Here we fit an individual-level stochastic transmission model to detailed longitudinal data collected from endemic communities in West Africa in the early 1990s. This dataset, observed prior to the demonstration of the efficacy of single-dose azithromycin, provides a unique resource for modelling the dynamics of trachoma infection because no intervention was applied for the six month observation period [13,15]. Previous analyses of this cohort have focused on the duration of infection in adults and children, diagnostic efficacy and household transmission [12,13,16,17]. We are the first to infer the epidemiological state of individuals, characterize heterogeneity in susceptibility, and quantify the contribution of adults and children to transmission. The model structure and parameters estimated here will inform a predictive model of trachoma transmission throughout the African continent to inform disease control efforts and policy planning [18].

Materials and methods

Ethics statement

The data used in this study derive from a previously conducted cohort study, which received ethical approval from the Joint Gambia Government and Medical Research Council Ethics Committee (SCC 508) [16]. In the original study, formal verbal informed consent was obtained from all participants, with consent witnessed and documented in accordance with standard procedures at the time.

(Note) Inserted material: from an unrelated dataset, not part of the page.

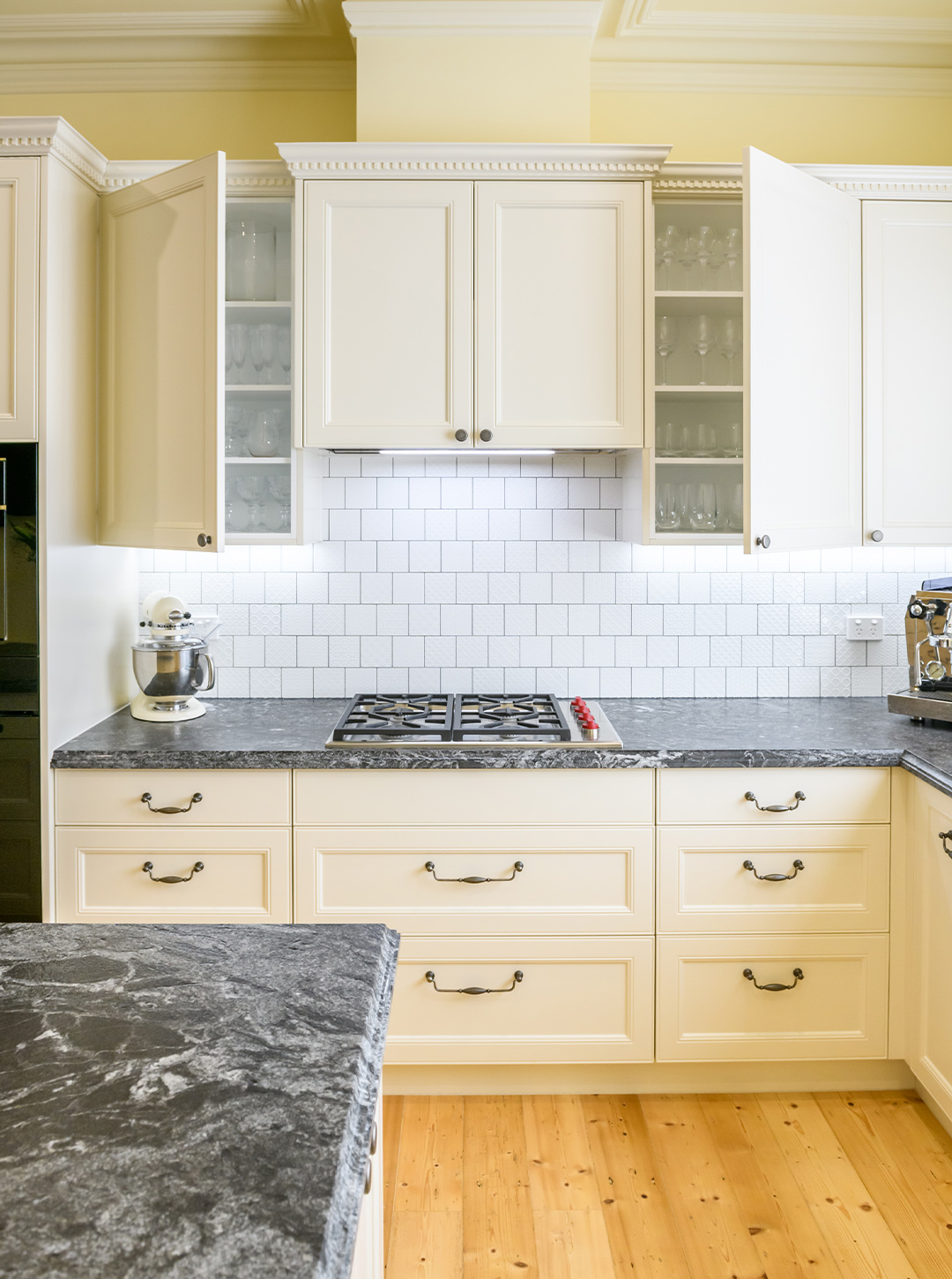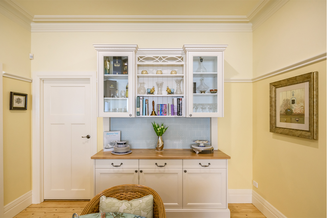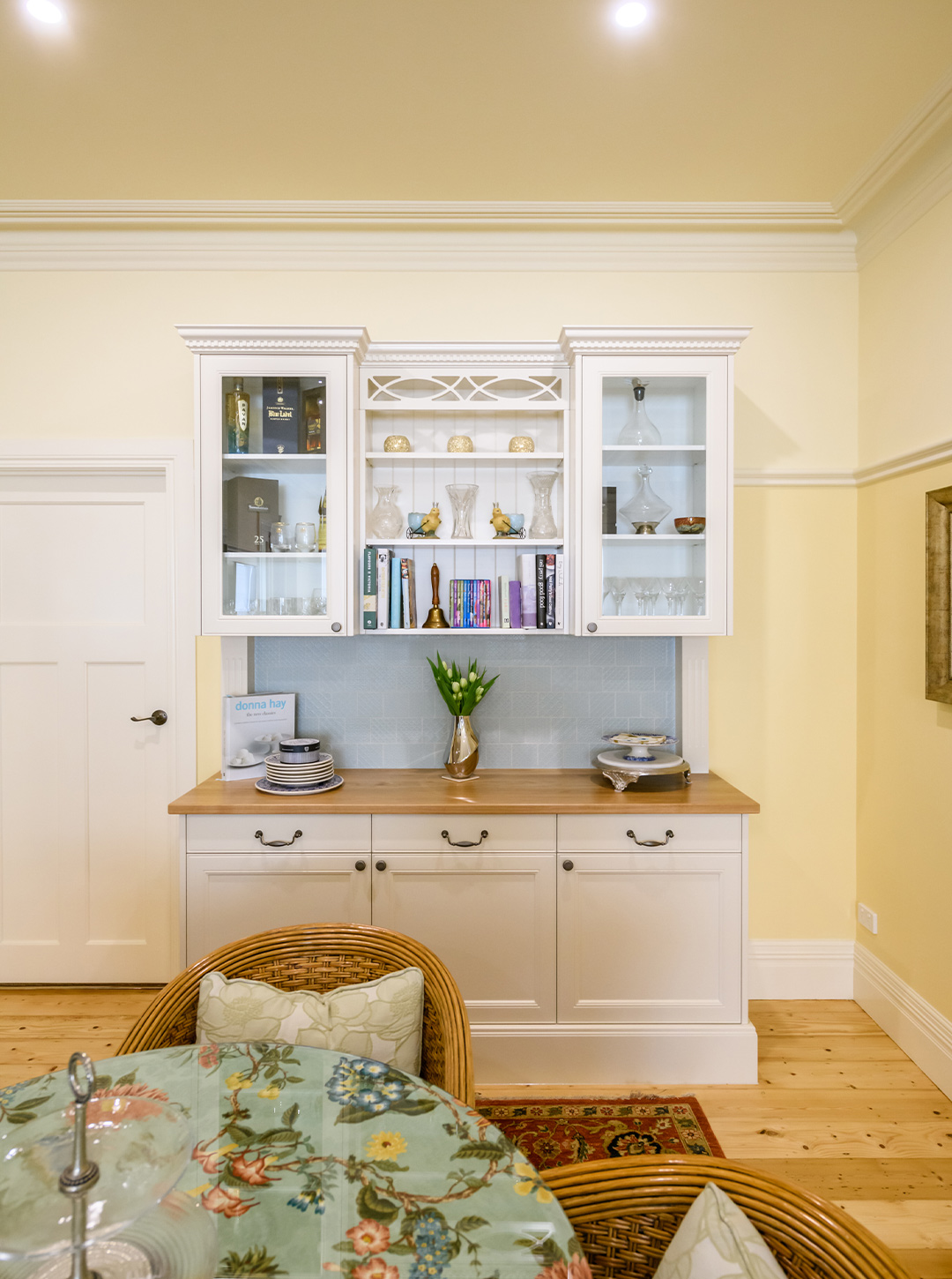A separate buffet and hutch unit were custom-designed and installed to offer additional storage for the kitchen as well as a place for the homeowners to display all of their more decorative pieces. A timber top was chosen for this piece to complement the house’s repolished Baltic pine floorboards.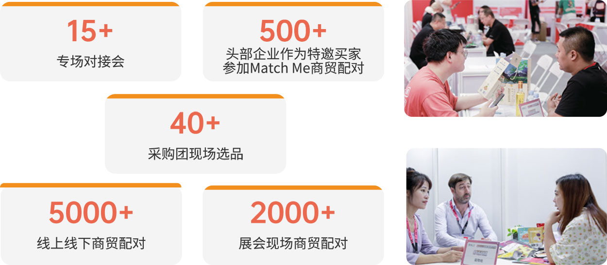 | 2023 SIAL 西雅展(深圳)為 600+ 展商和 500+ 特邀買家提供 Match Me 供需對(duì)接服務(wù),通過(guò)展位配對(duì)、團(tuán)長(zhǎng)選品區(qū)、大買家洽談間和對(duì)接會(huì)等多種形式為供需雙方成功搭建精準(zhǔn)、高效的貿(mào)易橋梁,現(xiàn)場(chǎng)共完成 5000+ 商貿(mào)配對(duì)場(chǎng)次。 |

No new data collection involving human participants was undertaken for the present study.

Longitudinal data

We use data from a cohort study in two villages in The Gambia between April and November 1991, Jali (J; population 893) in Kiang West district and Berending (B; population 517) in Kombo South district, which lie approximately 90 km apart [13,15]. The dataset includes trachoma diagnostics and a clinical eye examination at baseline; the age of the surveyed participants; the residential structure (compounds within villages, rooms within compounds); and, for people included in the cohort, subsequent diagnostics taken every two weeks and a further clinical examination at the end of the study period. The village structure and sample size are summarised in Table 1.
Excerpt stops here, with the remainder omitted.